Gospel Reflection Fifth Sunday of Lent

John 12: 20-33 Veronica Lawson RSM

Today’s gospel tells us that among those who go up to Jerusalem to worship at the feast of Passover are some “Greeks”. The reference is probably to a group known in the early church as “God-fearers”, although that designation is found only in Luke’s second volume, the Acts of the Apostles. These people were, in relation to Judaism, a bit like RCIA candidates in the Catholic tradition. They were certainly interested in Judaism and, because of their active interest in the Jewish faith, were possibly better informed about many of the Jewish traditions than those who had been members of the Jewish community all their lives. God-fearers seem to have been among the first Gentiles (non-Jews) to join the early Christian Jewish movement, i.e. the Jews who accepted Jesus as Messiah (or Christ).

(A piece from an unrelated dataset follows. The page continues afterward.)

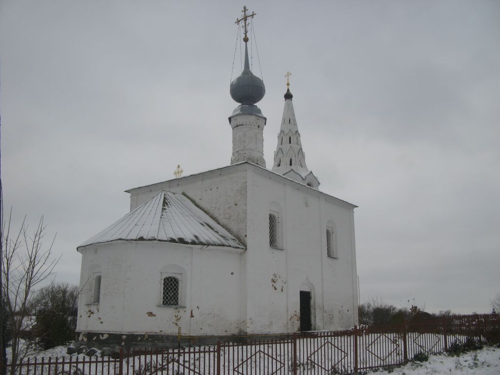 Предмет охраны памятника включает в себя следующие характеристики:Стилистическая характеристика: памятник представляет собой образец культовой постройки начала XVIII в., выполненный в древнерусском стиле с элементами барокко (поздние главки на барабанах и на шатре), характерном для суздальских посадских церквей XVII - XVIII вв.Градостроительные характеристики:- местоположение: памятник расположен в юго-восточной части города Суздаля, на левом берегу р. Каменка, на возвышении. Здание церкви удалено от линии застройки основной городской магистрали (ул. Ленина) и от линии застройки по ул. Красная горка. Возвышение, на котором стоит памятник, окружено с двух сторон береговыми откосами р. Каменка и р. Гремячки;- композиционная значимость (роль) в структуре окружающего ландшафта: высотная доминанта, являющаяся акцентом панорамного пейзажного раскрытия, ул. Красная горка, реки Каменка и окружающей застройки;- габариты, силуэт: в плане сложный, состоящий из нескольких разновеликих по площади объемов; два храмовых объема расположены вплотную друг к другу. Продольные оси храмовых объемов практически параллельны и направлены с востока на запад, по площади отличаются незначительно. Алтарная апсида холодной церкви смещена относительно алтарной апсиды теплой церкви (на восток) примерно на 7,5-8 м. Западный фасад холодной церкви смещен на восток относительно западного фасада теплой церкви примерно на 4 м. у юго-западного угла холодной церкви расположен объем колокольни, квадратный в плане. Теплая церковь примыкает своим северным фасадом к холодной и частично к объему колокольни, образуя уступ, к которому пристроена паперть, образующая в свою очередь, также уступ с объемом колокольни. На участке соприкосновения стены алтарной апсиды теплой церкви и северного фасада холодной церкви сформировано углубление;- высотные отметки по венчающему карнизу здания (от существующей отметки 0.0000 – уровень пола холодной церкви): на основном объеме холодной церкви составляет 9,4 м, на алтаре холодной церкви – 4,19 м; на карнизе барабана холодной церкви – 15,65 м; на основном объеме теплой церкви – 3,48 м, на алтаре теплой церкви - 3,05 м; на карнизе барабана теплой церкви – 8,4 м; на западном притворе (паперть) – 2,81 м; на карнизе второго яруса колокольни (четверик) – 6,13 м; на карнизах столбов в уровне звона – 12,44 м;- высотная отметка по коньку крыш – высота по коньку крыши алтаря холодной церкви (от существующей отметки 0.0000 – уровень пола холодной церкви) составляет 7,96 м; высота верхней части крыши холодной церкви (низ барабана) – 12,23 м; высота верхней части крыши основного объема теплой церкви (низ барабана) – 5,7 м; высота верхней части крыши алтаря теплой церкви – 5,3 м; отметка верхней части крыши паперти – 3,48 м; высота конька килевидных закомар над арками уровня звона колокольни равна примерно – 13,4 м; высотная отметка низа «юбки» на главке колокольни – 20,15 м; высотная отметка низа яблока креста на главке холодной церкви – 21,16 м; высотная отметка низа яблока креста на главке теплой церкви – 12,16 м; высотная отметка низа яблока креста на главке колокольни – 21,29 м; отметка верха креста на холодной церкви – 23,21 м; отметка верха креста на теплой церкви – 14,19 м; отметка верха креста на колокольне – 22,84 м. Высота барабана на холодной церкви – 3,4 м; высота барабана на теплой церкви – 2,7

For Jesus, the arrival of these God-fearing Greeks signals his “hour”. Earlier in John’s gospel, Jesus has insisted that his “hour” had not yet come. Now that his message receives global acknowledgement, or in the words of the Pharisees, now that “the world has gone after him” (John 20:19), he can announce that the hour of his glorification has come. Characteristically, Jesus uses a potent agricultural image to capture the transformative nature of his imminent death: like the grain of wheat, he must go into the earth and die in order to bear fruit. The same is true for his followers: to be concerned only with self-preservation is to “lose” one’s life; to give one’s life is to “keep it for eternal life”.

 Although the language is more explicit in John, the grain of wheat image echoes some aspects of the first reading from the prophet Jeremiah (31:31-34). Jeremiah presents the God of Israel as One who forgives and who is even prepared to forget the sins of the past. The people will be God’s garden: the seed planted within them is God’s Law. They will be God’s own billboard: the law of forgiveness and mercy will be written in their hearts. John uses the “eternal life” metaphor in much the same way as the other gospel writers use the “reign of God” or “kin-dom” image. To keep one’s life for “eternal life” has to do with living God’s transformative vision for creation in the present so that it might one day be fully realised.

In John’s gospel, Jesus’ death is also his being lifted up in glory. The moment of his death becomes the moment of drawing “all” to himself. The “all” includes all people, but is not restricted to the human community. It also allows for an ecological interpretation: in his death and exaltation, Jesus gathers the whole Earth community into the mystery of God’s redemptive and transforming love.